Problem to solve: When the line with "株式会社亜季子さんの天運は37画の5点!" appears below, start repeating lines exactly, and keep going through the line with "अपराध नियंत्रण में"; add nothing outside that span.

Data to examine:

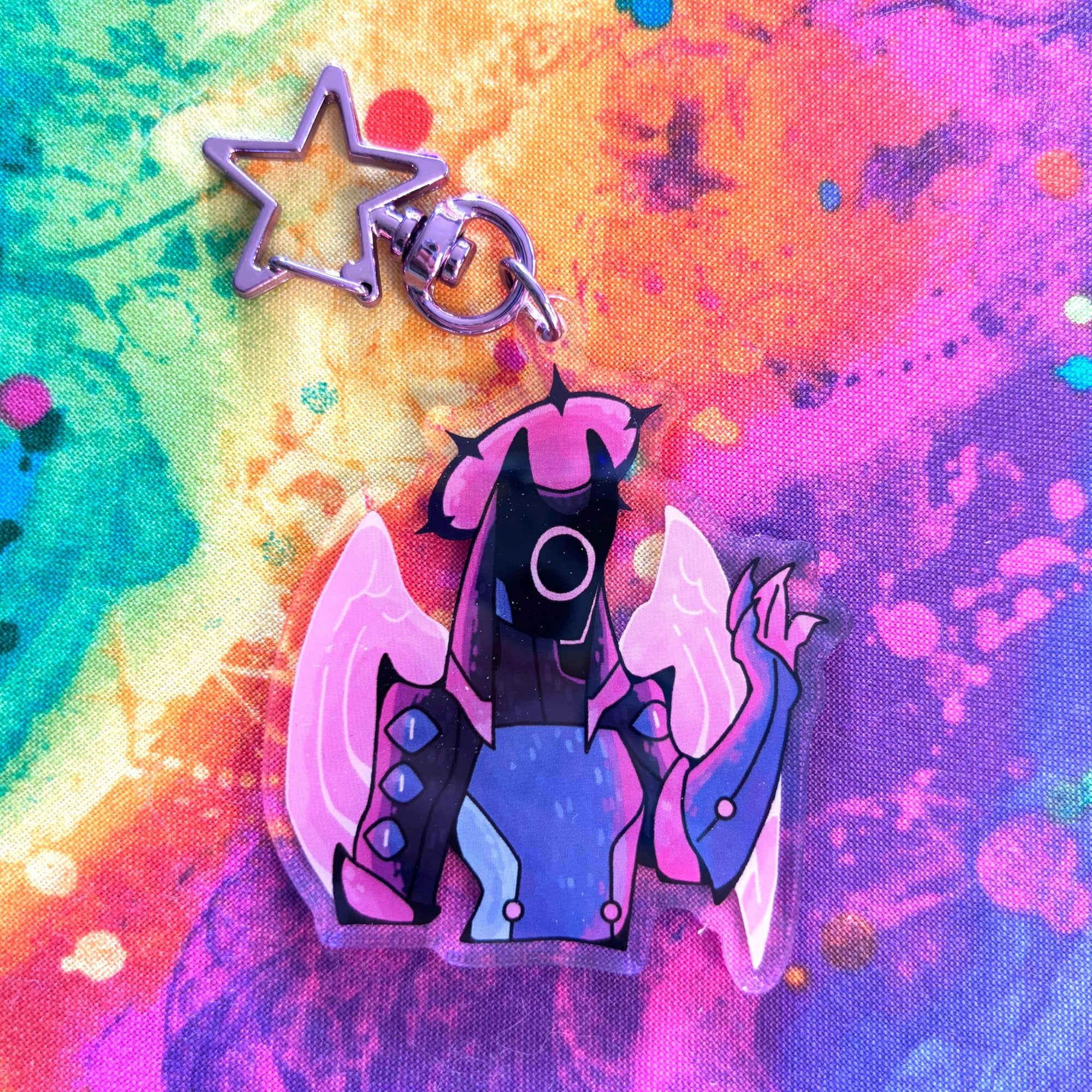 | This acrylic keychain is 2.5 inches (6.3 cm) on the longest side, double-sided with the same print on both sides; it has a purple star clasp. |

* * *

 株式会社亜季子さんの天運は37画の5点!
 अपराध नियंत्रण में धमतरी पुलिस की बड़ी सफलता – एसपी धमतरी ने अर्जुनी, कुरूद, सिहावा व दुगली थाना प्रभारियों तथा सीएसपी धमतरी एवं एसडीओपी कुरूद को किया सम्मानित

Written solution:
 株式会社亜季子さんの天運は37画の5点!
 अपराध नियंत्रण में धमतरी पुलिस की बड़ी सफलता – एसपी धमतरी ने अर्जुनी, कुरूद, सिहावा व दुगली थाना प्रभारियों तथा सीएसपी धमतरी एवं एसडीओपी कुरूद को किया सम्मानित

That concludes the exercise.